Exact copy, pictures omitted: the line holding "2 Pieces vintage" and every line after it down to the end of the entries.

RECORDS SUPPLIED section start

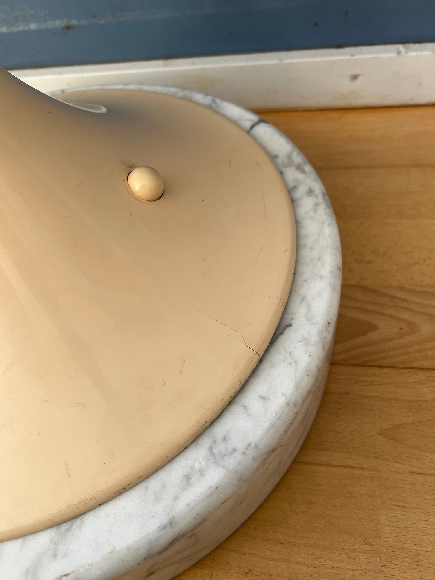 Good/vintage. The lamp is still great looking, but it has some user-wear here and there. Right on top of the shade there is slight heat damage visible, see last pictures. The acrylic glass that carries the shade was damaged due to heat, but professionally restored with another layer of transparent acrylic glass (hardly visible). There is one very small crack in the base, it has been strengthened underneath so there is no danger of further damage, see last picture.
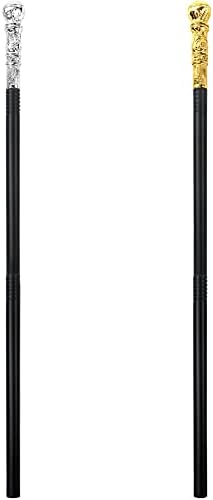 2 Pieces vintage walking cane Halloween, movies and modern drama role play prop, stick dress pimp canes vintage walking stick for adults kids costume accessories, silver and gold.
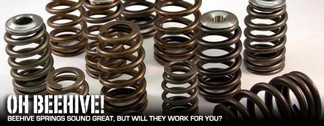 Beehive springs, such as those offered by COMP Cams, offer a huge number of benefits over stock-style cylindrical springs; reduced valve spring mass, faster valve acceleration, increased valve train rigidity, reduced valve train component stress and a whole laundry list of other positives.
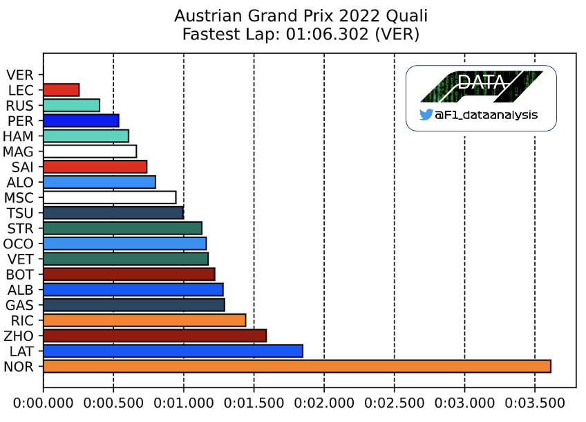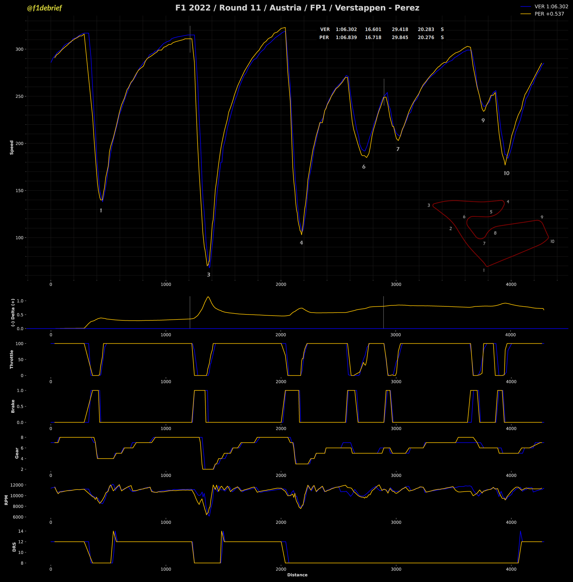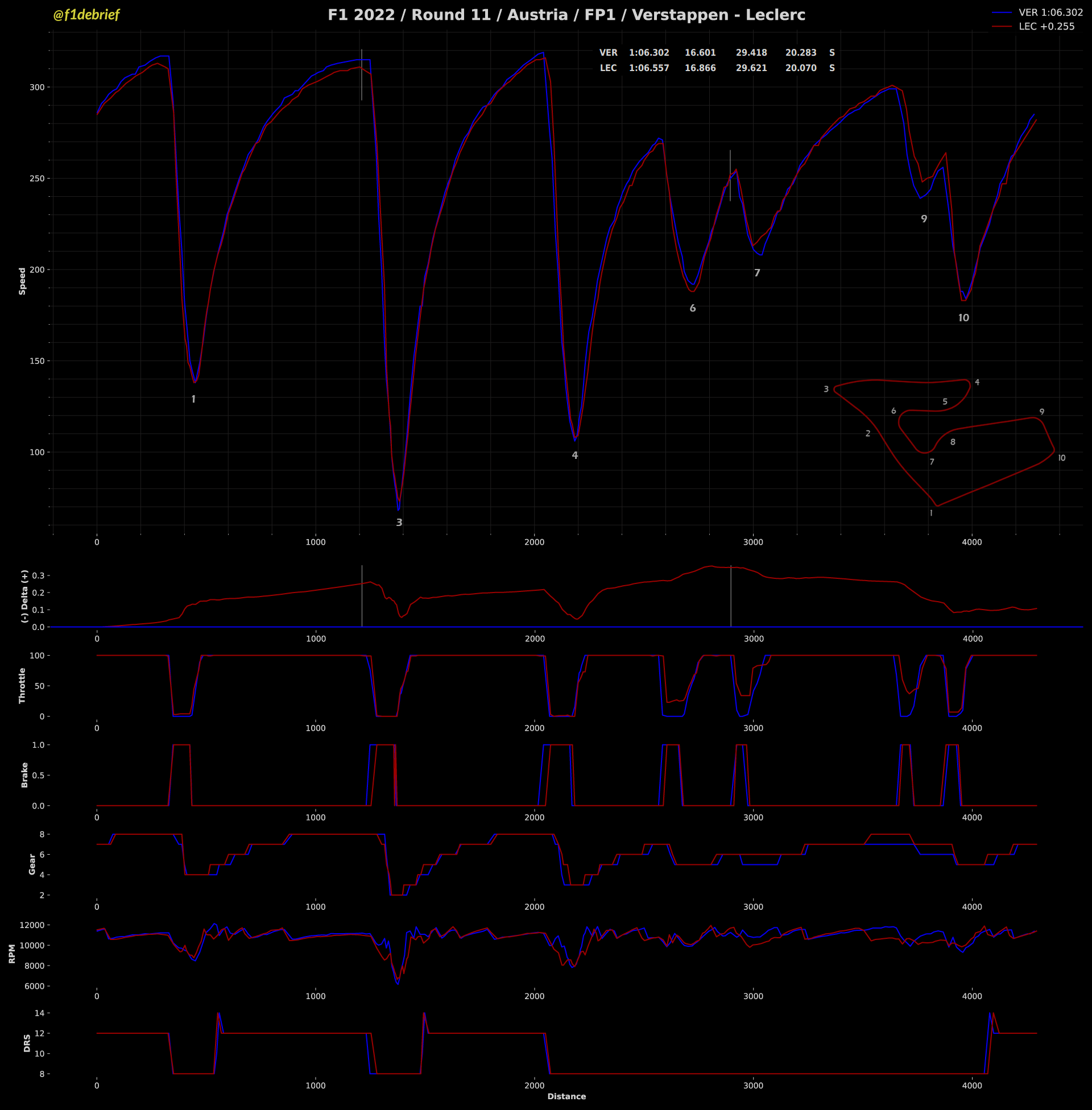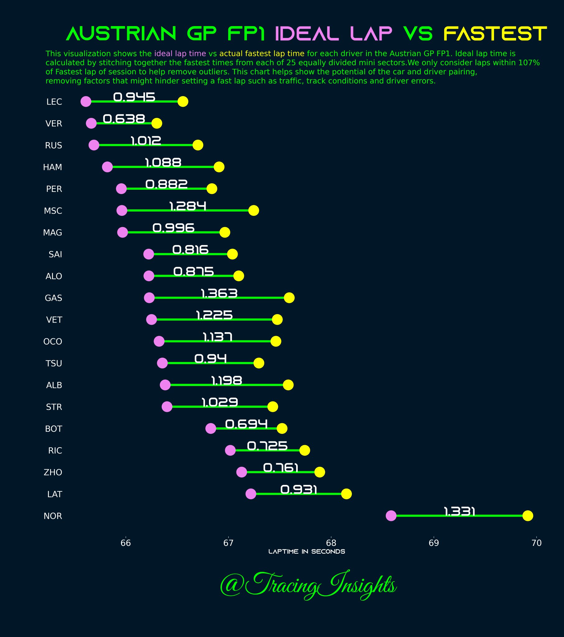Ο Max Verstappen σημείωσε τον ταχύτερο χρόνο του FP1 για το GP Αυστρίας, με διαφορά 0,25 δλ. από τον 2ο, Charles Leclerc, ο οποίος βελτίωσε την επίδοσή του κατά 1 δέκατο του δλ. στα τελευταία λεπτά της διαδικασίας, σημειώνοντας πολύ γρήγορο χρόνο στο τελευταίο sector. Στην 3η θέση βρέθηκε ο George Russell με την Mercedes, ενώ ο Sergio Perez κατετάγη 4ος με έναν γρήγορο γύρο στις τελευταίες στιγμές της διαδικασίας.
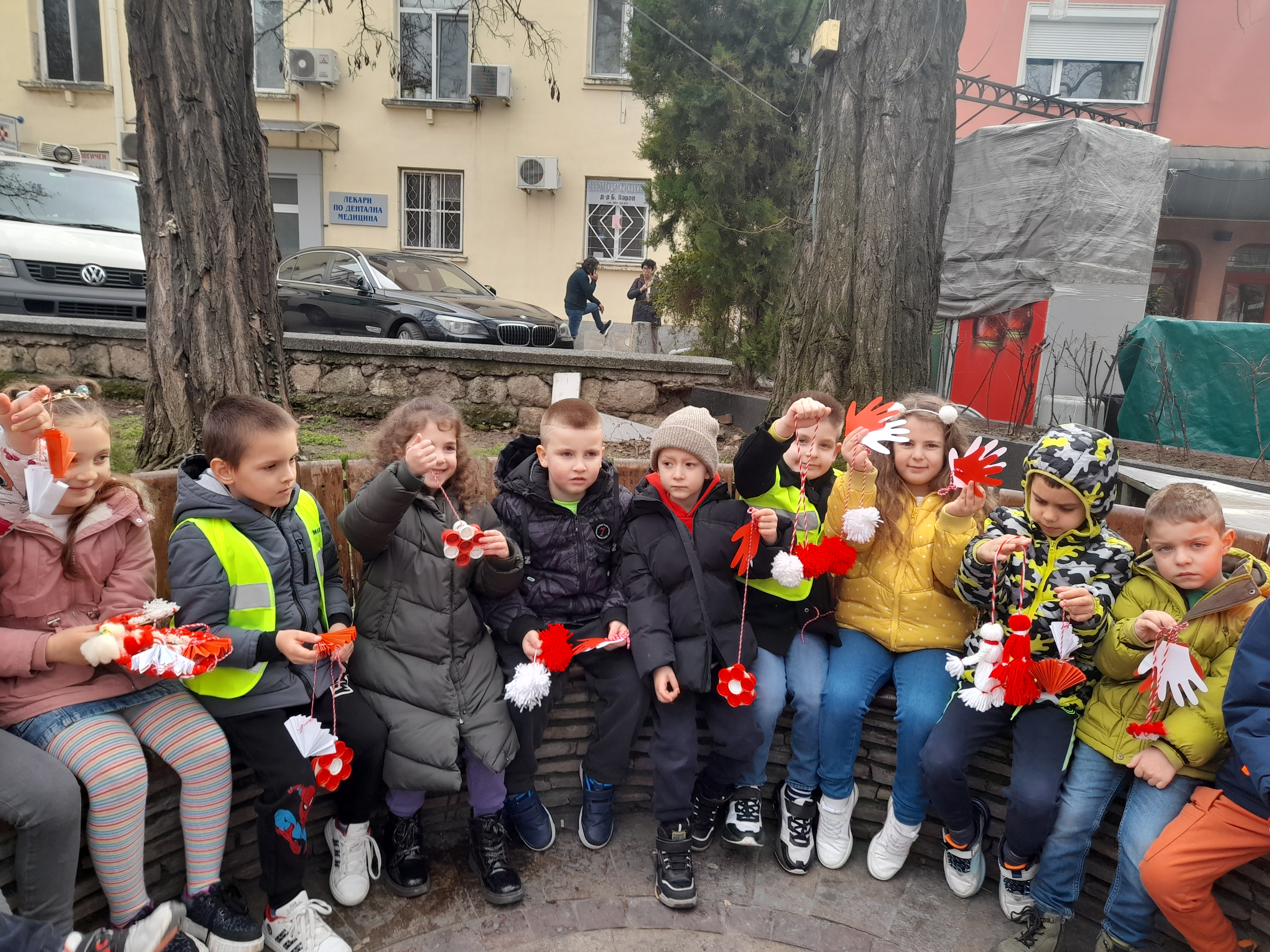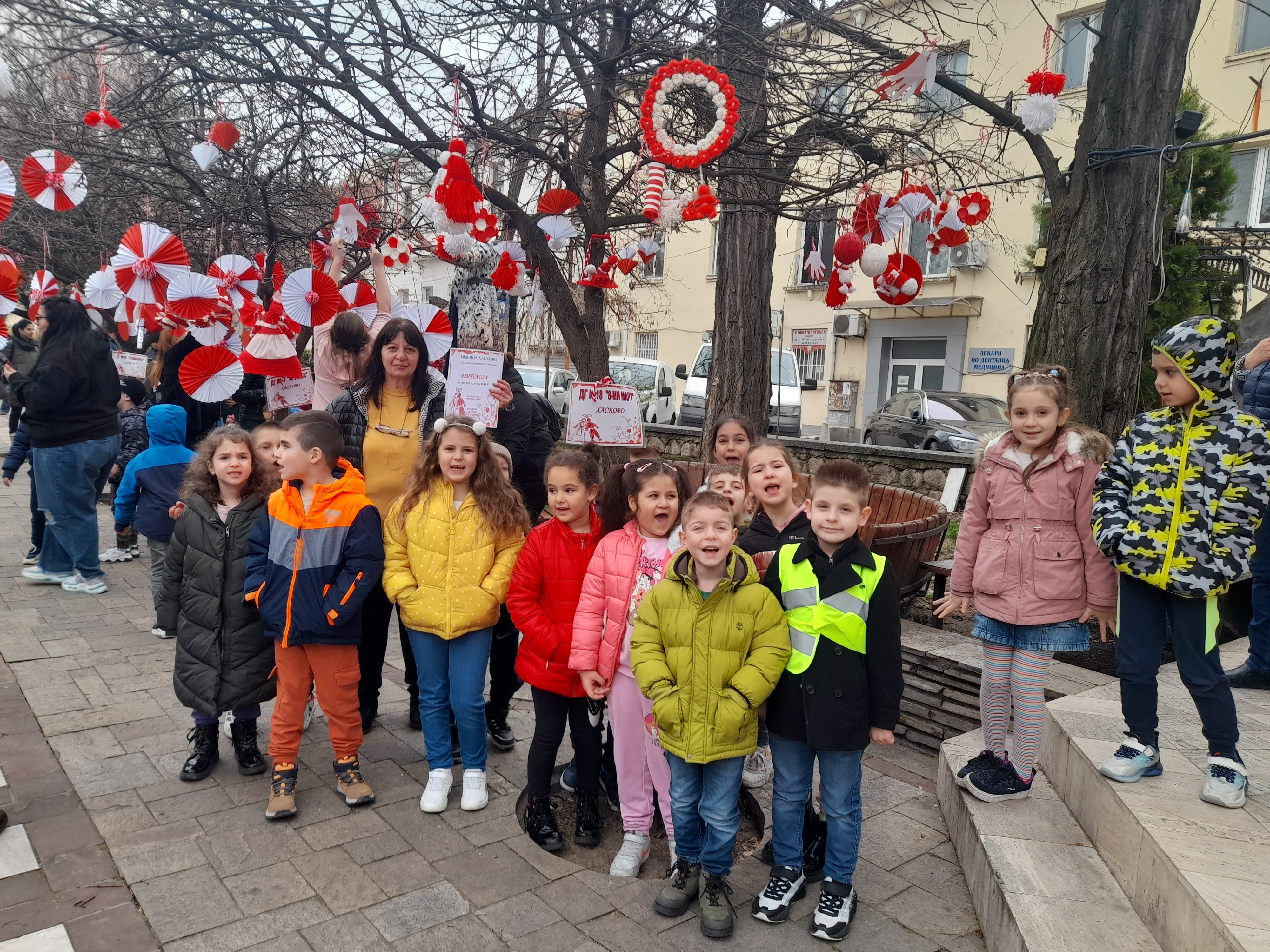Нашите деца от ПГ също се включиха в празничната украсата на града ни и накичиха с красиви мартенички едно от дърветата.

RECORDS SUPPLIED section end

* [SOLVED PROBLEM]:
 2 Pieces vintage walking cane Halloween, movies and modern drama role play prop, stick dress pimp canes vintage walking stick for adults kids costume accessories, silver and gold.
 Beehive springs, such as those offered by COMP Cams, offer a huge number of benefits over stock-style cylindrical springs; reduced valve spring mass, faster valve acceleration, increased valve train rigidity, reduced valve train component stress and a whole laundry list of other positives.
Ο Max Verstappen σημείωσε τον ταχύτερο χρόνο του FP1 για το GP Αυστρίας, με διαφορά 0,25 δλ. από τον 2ο, Charles Leclerc, ο οποίος βελτίωσε την επίδοσή του κατά 1 δέκατο του δλ. στα τελευταία λεπτά της διαδικασίας, σημειώνοντας πολύ γρήγορο χρόνο στο τελευταίο sector. Στην 3η θέση βρέθηκε ο George Russell με την Mercedes, ενώ ο Sergio Perez κατετάγη 4ος με έναν γρήγορο γύρο στις τελευταίες στιγμές της διαδικασίας.
Нашите деца от ПГ също се включиха в празничната украсата на града ни и накичиха с красиви мартенички едно от дърветата.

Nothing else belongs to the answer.